Стая еще немного поорала, повыступала, я отпила глоток гаденького растворимого кофе (в забегаловке на набережной только пиво было приличным) и блаженно потянулась. Предвкушение праздника не могли испортить ни набегающие тучи, ни вопли крылатых флибустьеров, ни сонная официантка, одним видом убивающая желание позавтракать. Предвкушение праздника – состояние особое, и его не способны испортить мелкие пакости вроде дождя или слишком сладкого кофе из пакетика «3 в 1». Я сидела под тентом кафе на набережной и любовалась видом двухпалубного белого парохода – класс «река – море», как скупо информировал Туполев, – пришвартованного метрах в пятистах от меня.
Слов нет, я могла бы любоваться пароходом и с более близкого расстояния, но возле трапа «Мадемуазели» не нашлось уютного столика под балдахином и пластмассового креслица. И потому, побродив по пристани туда-сюда, туда-сюда, я направила стопы к торговому комплексу (бывший кинотеатр «Мираж»), где этих самых столиков расположилось – пруд пруди. Причем абсолютно свободных и девственно чистых, поскольку время вечернего моциона горожан еще не наступило. Был прохладный дообеденный час, и даже наплыв отоваренных в «Мираже» граждан еще не успел осчастливить чаевыми уснувшую возле стойки официантку. Из посетителей в кафе – только я и чайки.

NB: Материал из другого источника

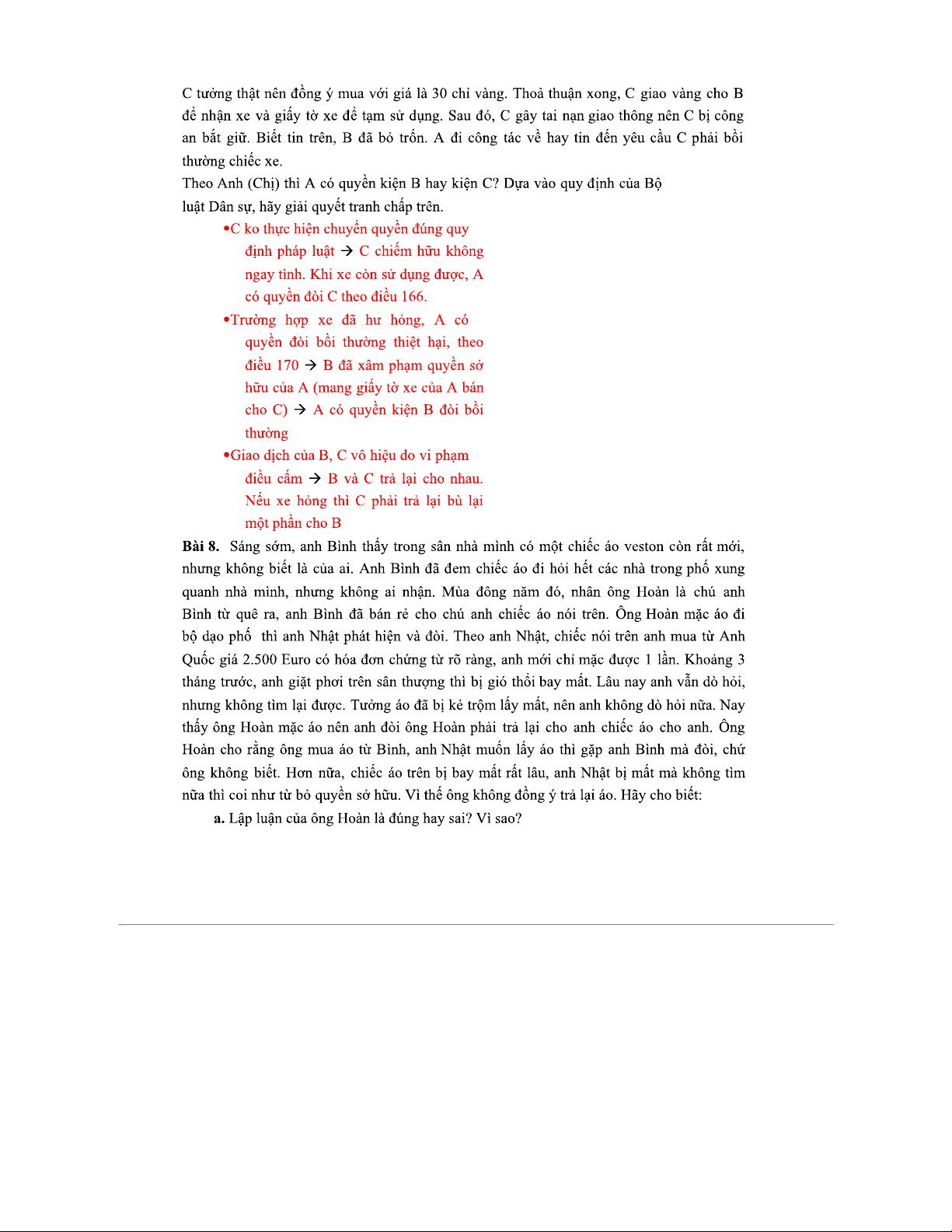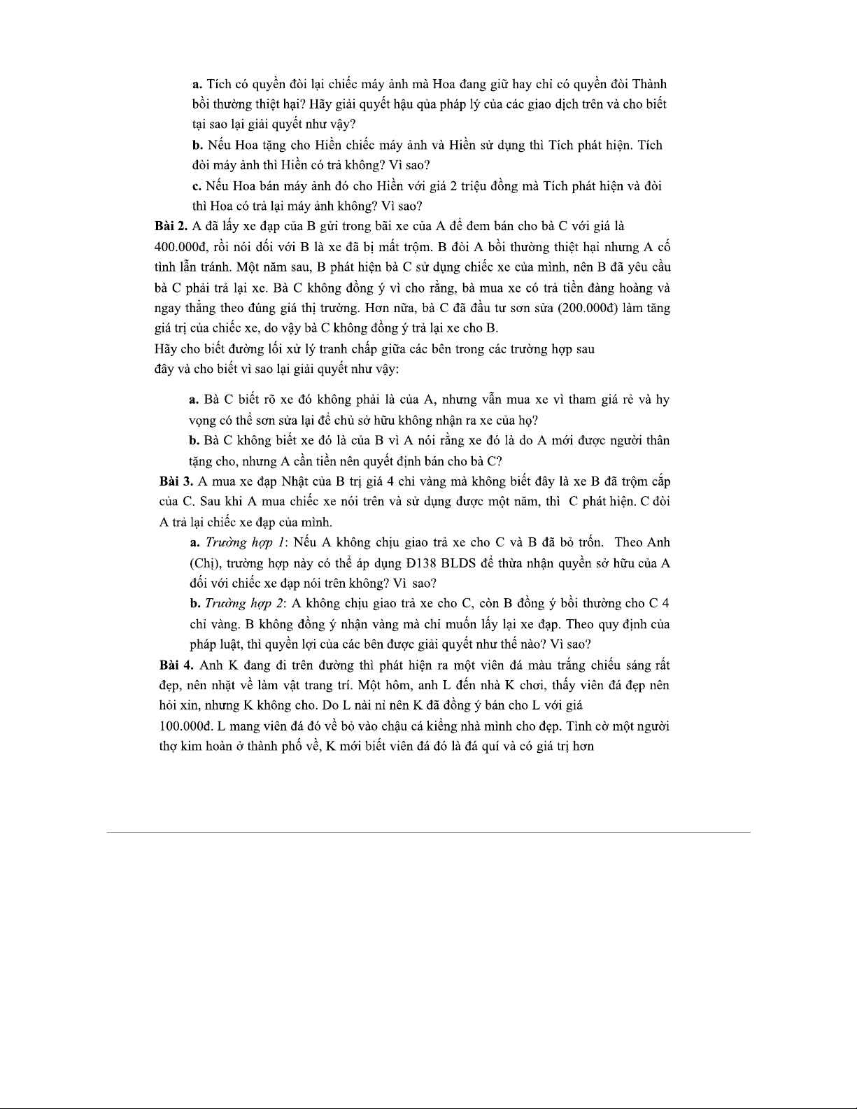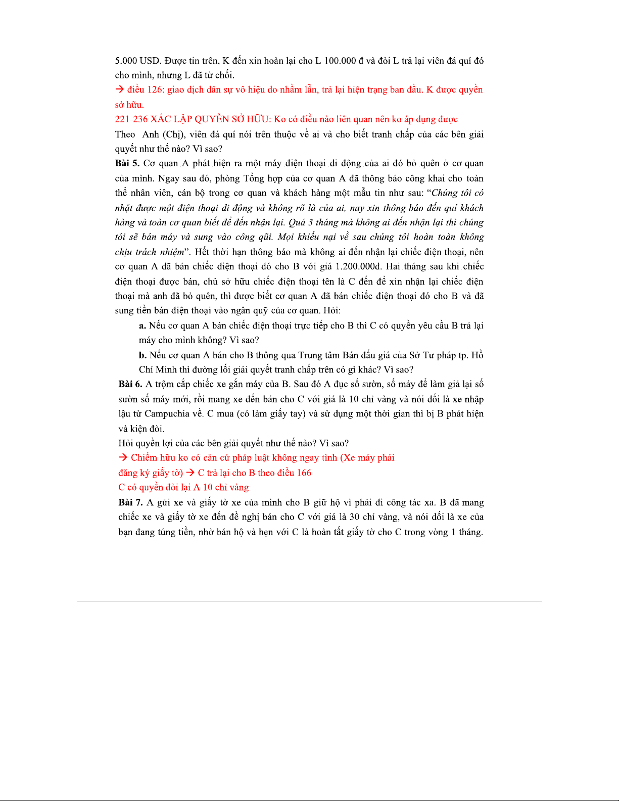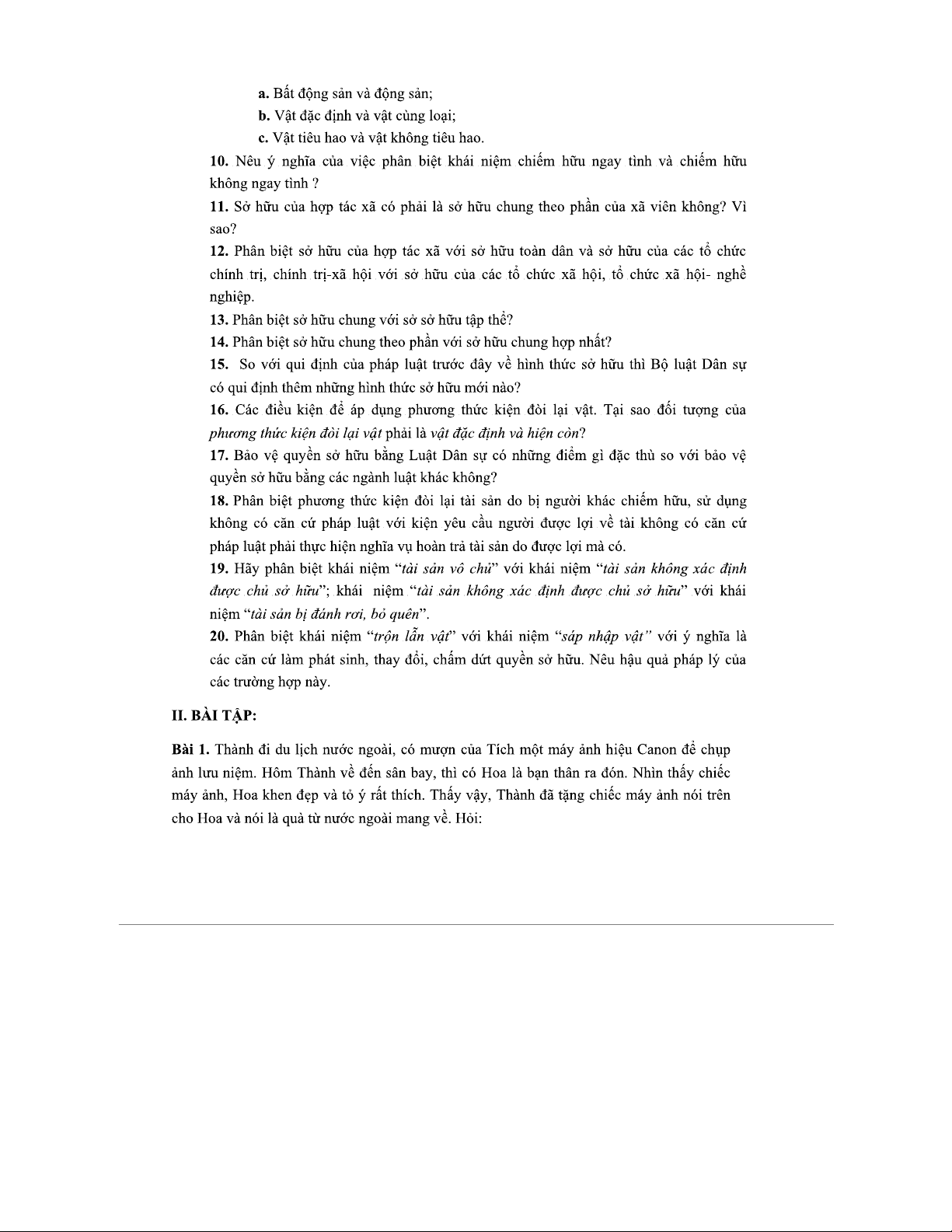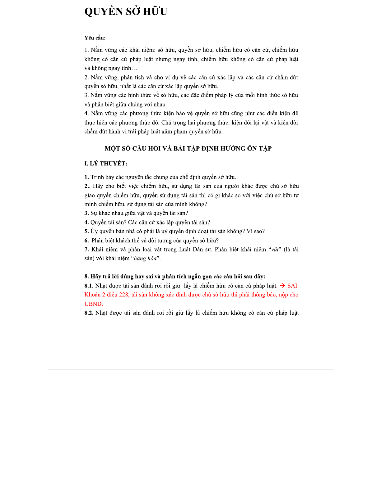 CAU HOI VA BAI TAP VE QUYEN SO HUU: HOCHAT PHAP LY VA THUC TIEN

Блестящая лента реки слепила глаза даже сквозь защитные очки, я поменяла угол обзора и, повернув голову немного назад, взглянула на приснопамятный «Мираж».
Здание скончавшегося в постперестроечную эпоху кинотеатра радовало глаз монументально-серым бетоном и обилием стекла по фасаду. По странной прихоти архитектора кинотеатр радовал стеклянным передом не оживленный городской проспект, а пустую набережную, крикливых чаек и редких рыбаков, стоящих, надо сказать, к парадному фасаду тоже далеко не лицом. Дивным ликом застекленного монстра – стиль постройки напоминал Кремлевский дворец съездов – в основном любовались пассажиры прогулочных катеров, совершающих обзорные экскурсии вниз по реке.
Не удивлюсь, если и захирел-то кинотеатр из-за этой архитектурной оплошности: для того, чтобы попасть к кассам, потенциальным зрителям приходилось огибать огромное строение и топать по продуваемой всеми ветрами площади. Зимой и в промозглое межсезонье дамы здесь едва-едва подолы удерживали от несущегося с реки сквозняка.
А зачем, спрашивается, страдать? В городе и без «Миража» полно кинотеатров, приветливо распахивающих двери в пяти метрах от проезжей части. «Мираж» хирел, прозябал и в конце концов отдался квадратными метрами под торговые павильоны, бутики и выставочные стенды. Расторопные торговцы мудро плюнули в сторону застекленного фасада и сделали так, чтобы народу удобнее получилось: раскрыли для посетителей задние двери почившего кинозала. Торговому люду не до архитектурных излишеств, им бы покупателя заманить и отоварить.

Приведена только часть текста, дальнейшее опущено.